# Product Category Analysis - Snowpark

This notebook demonstrates DataFrame transformations using **Snowpark Python**.

## What is Snowpark?

Snowpark allows you to:
- Write Python code that executes **inside Snowflake**
- Use **DataFrame APIs** similar to pandas/Spark
- Push computation down to Snowflake's engine

## Key Features Demonstrated:
- Snowpark session initialization
- Reading from Iceberg tables as DataFrames
- DataFrame joins, aggregations, and window functions
- Writing results back to Snowflake

## 1. Initialize Snowpark Session

In a Snowflake Notebook, the session is automatically available.

In [None]:
from snowflake.snowpark.context import get_active_session
from snowflake.snowpark import functions as F
from snowflake.snowpark import Window

session = get_active_session()

print("Snowpark session initialized successfully!")
print(f"Current database: {session.get_current_database()}")
print(f"Current schema: {session.get_current_schema()}")

## 2. Load Iceberg Tables as DataFrames

Snowpark can read directly from Snowflake tables (including Iceberg tables) using `session.table()`.

In [None]:
orders_df = session.table("TLV_BUILD_HOL.EXTERNAL_ICEBERG.EXT_ORDERS")
products_df = session.table("TLV_BUILD_HOL.EXTERNAL_ICEBERG.EXT_PRODUCTS")
customers_df = session.table("TLV_BUILD_HOL.EXTERNAL_ICEBERG.EXT_CUSTOMERS")
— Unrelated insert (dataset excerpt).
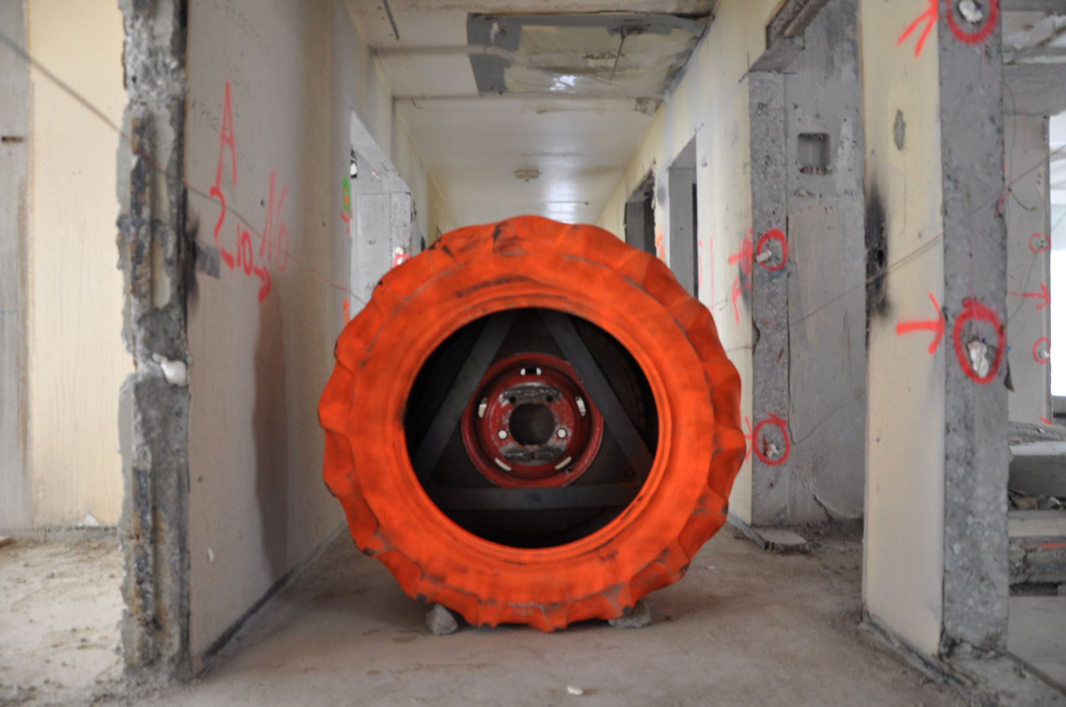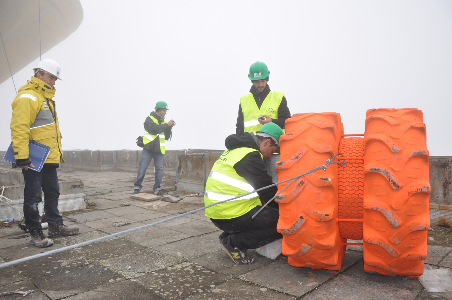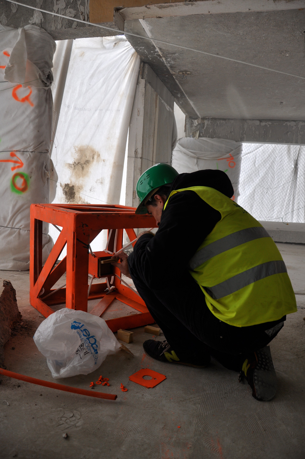 L’équipe Crash Box est arrivée sur le site de la Tour Plein Ciel la veille de son foudroyage. La visite de chantier a été consacrée à la vérification des emplacements des crash box, le placement des noyaux en mousse à l’intérieur des boîtes blindées destinées à recevoir les caméras et l’ajustement des cadrages. Au moment de quitter le chantier, la tour avait complètement disparue, dissimulée sous une épaisse brume, comme si seule la vue intérieure de la démolition s’apprêtait à subsister pour le lendemain...

print(f"Orders count: {orders_df.count()}")
print(f"Products count: {products_df.count()}")
print(f"Customers count: {customers_df.count()}")

In [None]:
print("Orders Schema:")
orders_df.schema

print("\nProducts Schema:")
products_df.schema

In [None]:
orders_df.show(5)
products_df.show(5)

## 3. Product Category Performance Analysis

Join orders with products and aggregate by category/subcategory.

In [None]:
category_performance = (
    orders_df
    .filter(F.col("STATUS").isin(["COMPLETED", "SHIPPED"]))
    .join(products_df, "PRODUCT_ID")
    .group_by("CATEGORY", "SUBCATEGORY")
    .agg(
        F.count("ORDER_ID").alias("ORDER_COUNT"),
        F.count_distinct("CUSTOMER_ID").alias("UNIQUE_CUSTOMERS"),
        F.sum("QUANTITY").alias("UNITS_SOLD"),
        F.sum(F.col("QUANTITY") * F.col("UNIT_PRICE")).alias("GROSS_REVENUE"),
        F.sum(
            F.col("QUANTITY") * F.col("UNIT_PRICE") * (1 - F.col("DISCOUNT_PCT") / 100)
        ).alias("NET_REVENUE"),
        F.sum(F.col("QUANTITY") * F.col("COST_PRICE")).alias("TOTAL_COST"),
        F.avg("QUANTITY").alias("AVG_QUANTITY_PER_ORDER")
    )
)

print("Category Performance:")
category_performance.order_by(F.desc("NET_REVENUE")).show(10)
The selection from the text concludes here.